Mickey7 is a book I chose to skip on its release particularly because of its popularity and hype. It had an interesting premise, but there were a few red flags that hinted to me that I would personally not like it. However, I ended up picking this one up because Bong Joon-Ho is set to direct a film adaptation, and if he is involved, I just have to read the source material. Not as a form of hype mind you, but to see what he sees and see the potential. What I found was that Mickey7, by Edward Ashton, has some interesting ideas, buried under mountains of tedium and littered with weird bits of comedy that seem to dominate these first person comedic narratives.
Mickey is an expendable. His mission is to die as many times as the colony needs doing whatever tasks are asked of him. Mickey7 is currently on the edge of death, about to pass into the next realm and bequeath his pain onto his next iteration, Mickey8. But he manages to make it back to his quarters safely, only to find Mickey8 already awake and ready to go. This isn’t supposed to happen, and neither he nor 8 are willing to throw themselves into the corpsehole. So they concoct a plan to divide up their daily calories and take turns solving the problems that arise on the colony of Nilfheim. Will one of them die before anyone important finds out?
Mickey7 has by far my favorite starting premise out of the many popular science fiction books told from the first person. Mickey himself is just your dumb guy average Joe trying to escape some gambling debts and choosing the worst way to get out of it. Ashton makes no allusions to him being secretly smarter, or more cunning and how he can get away with it. If anything, he’s a gambler with a great poker face when it counts. He’s just a guy, being a dude who has to do some agonizing things for science and humanity. Mickey has a clear voice, despite my inability to find anything he says worthwhile. He has weird anecdotes that have a clear message, but don’t have a solid foundation to prove the point. He’s the kind of guy you’d have a beer with, make some raucous jokes with, and spend the future telling stories of the insane things you two did together as kids. I don’t hate Mickey, despite his sometimes unrelenting boring nature.
The major issue with the book is that Mickey doesn’t really have all that much to do. Sure he goes out on patrols hunting for crawlers, and he tries to hide the fact that he has a duplicate but a lot of the book is spent just faffing about. He tries to make friends, he has a lover that has stuck with him since his third iteration. He fears losing said lover to Mickey8, and he stews about his long friendship with one of the pilots that “got him into this mess.” There is never any real fear that the Mickeys are going to get caught. 7 often gets into positions where he may die, but he’s surrounded by cannon fodder. All of the plot happens in the last ten percent of the book. It’s somewhat exciting, but the conclusion is also incredibly convenient. Nothing feels resolved on a narrative or character level.
The alternating chapters are filled with worldbuilding since Mickey is an amateur historian. He basically spends them recounting the stories of failed colonies. They are interesting insofar as Ashton really seems to have spent a lot of time thinking about a future where space colonies would have a dedicated Expendable. But they also just feel shoehorned in. They don’t really line up with the chapters that surround them. He doesn’t learn a lesson from recounting the history except for maybe once. Most of the time it just sharpens his resolve to make sure his colony doesn’t fail. And don’t get me wrong, I do love the history that Ashton creates, especially involving the one megalomaniacal tech billionaire. They are just cool stories though, not informative anecdotes for Mickey to work from.

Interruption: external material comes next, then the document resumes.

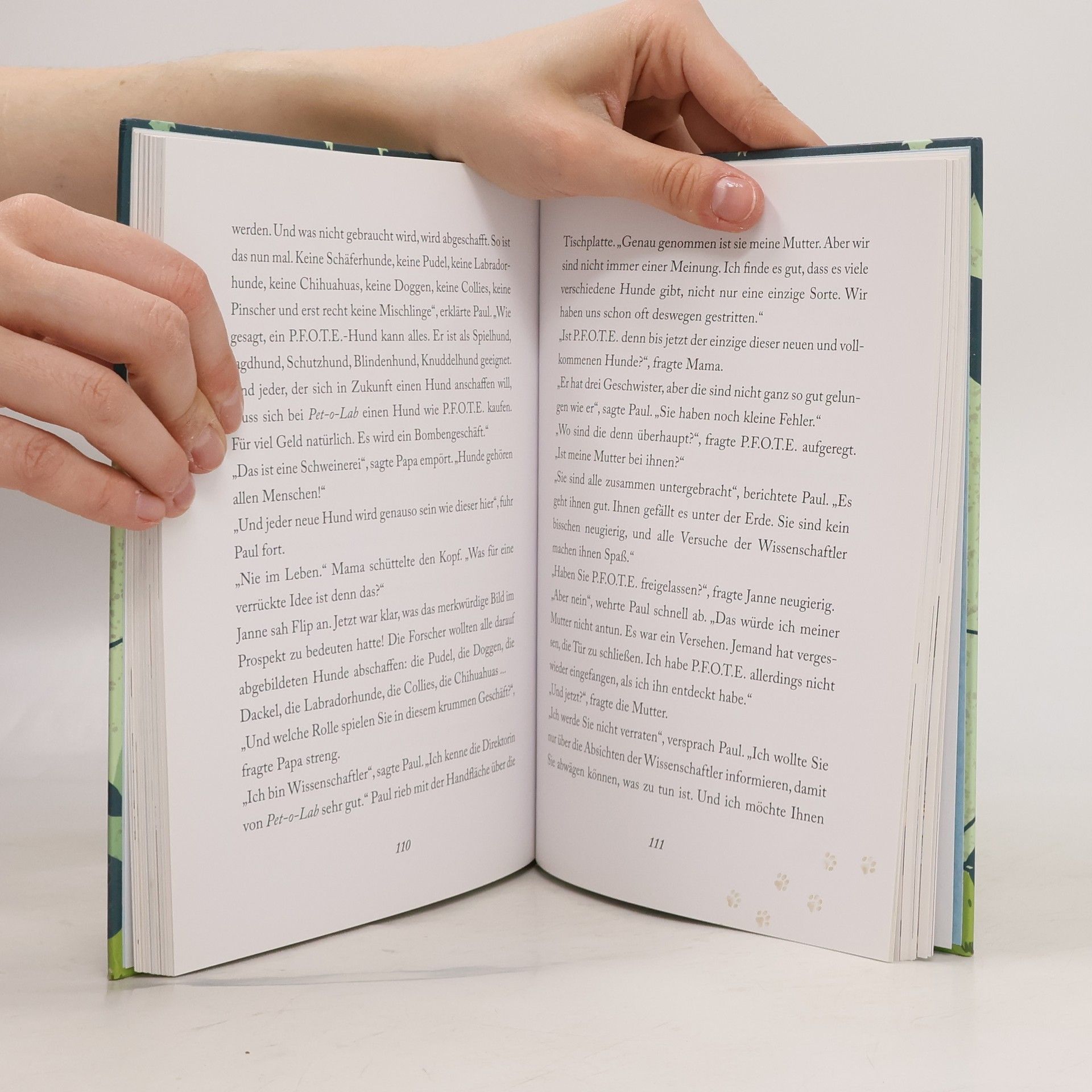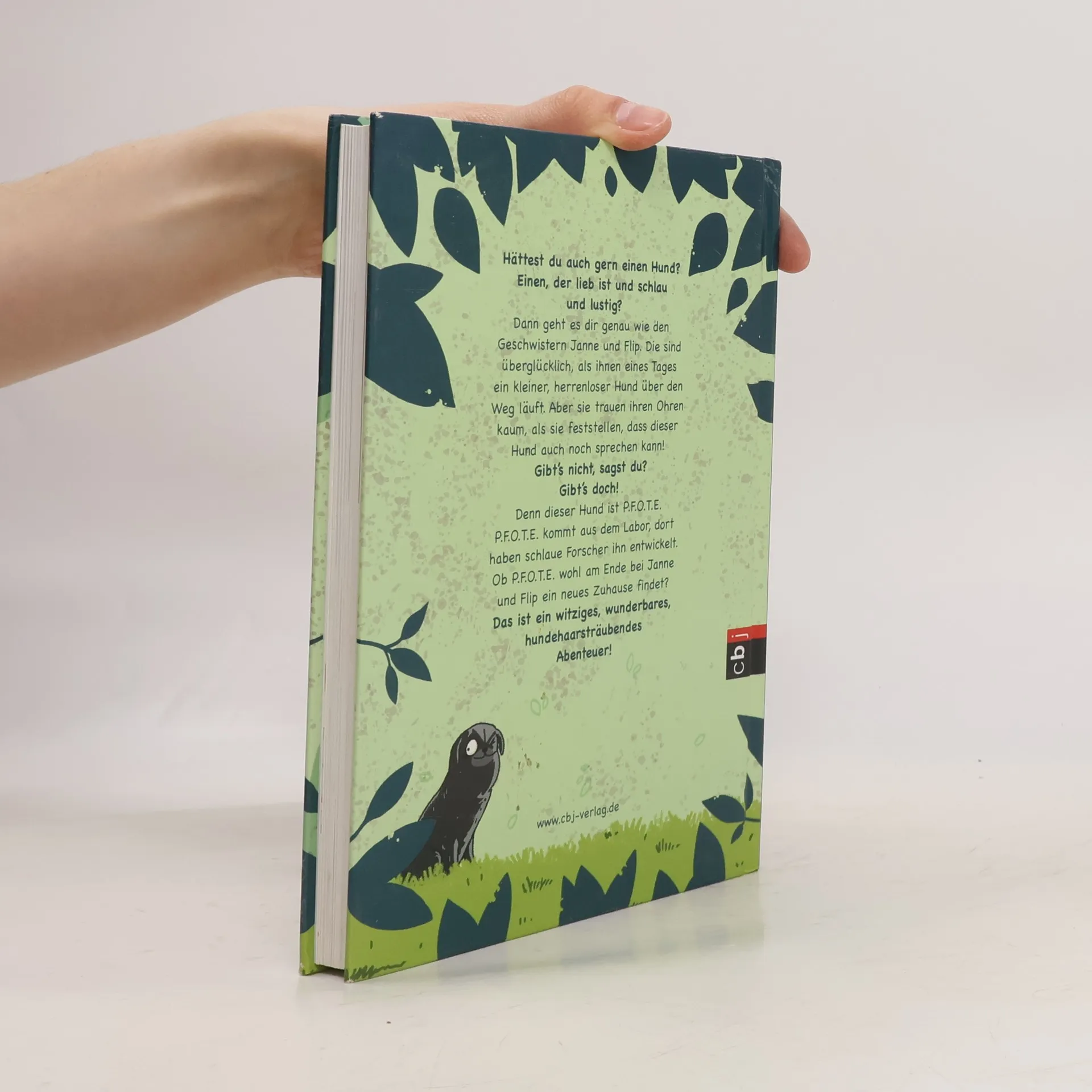Ein tierisch liebenswerter Held Was für eine Sensation: Ein Team von Forschern hat P. F. O. T. E., den vollkommenen Hund, entwickelt, und dazu ein Halsband, das die Hundesprache in die Menschensprache übersetzt! Doch P. F. O. T. E. ist nicht nur sehr intelligent, sondern auch sehr neugierig. Er entkommt aus dem Labor und erkundet begeistert die Welt, die Menschen und seine Artgenossen – die er allerdings ziemlich merkwürdig findet. Was jedoch auf Gegenseitigkeit beruht! Natürlich wollen die Forscher P. F. O. T. E. wiederhaben, und so beginnt ein hundehaarsträubendes Abenteuer. Am Ende entscheidet sich P. F. O. T. E. dafür, bei seiner neuen Familie zu bleiben: als vollkommen unvollkommener Hund, der sich auch ohne Sprachhalsband perfekt mit Mensch und Tier verständigt. Ausstattung: Mit fbg. Illustrationen

The story also fails to really reckon with the problem of the expendable and what makes Mickey who he is. The ambiguity of his situation is hinted at, even partially explored by Mickey himself, but the book steers clear of the existential crisis that could ensue. There is no curiosity about the expendable’s situation. Most everyone around assumes, rightly so, that only the most desperate or dumb people would ever get involved as an expendable. I mean these folks have to die excruciating deaths just so people might have a chance at learning how to adapt and survive on a hostile planet. Taking weeks to months of drugs fighting an airborne pathogen that just does not like human life. It would have been so interesting to watch someone reckon with that devil’s bargain, living with the memory of their death over and over again. But Mickey barely even registers it. The text barely registers it. It feels like a huge missed opportunity to really dig into the exploitative nature of that kind of system so we can get some jokes about sex and immortality.
My disappointment stems from the lack of curiosity mostly. It’s an interesting premise that is oozing potential that is stitched into a barely cohesive story. It feels like the kind of story that should be about the plight of people in exploitative positions who can’t escape them, even in death. Instead, it’s about a big damn hero who stumbles into the right poker game against the worst players with the highest stakes.
Rating: Mickey7 – Maybe I’ll pick up the sequel after a few more of my own ego-deaths.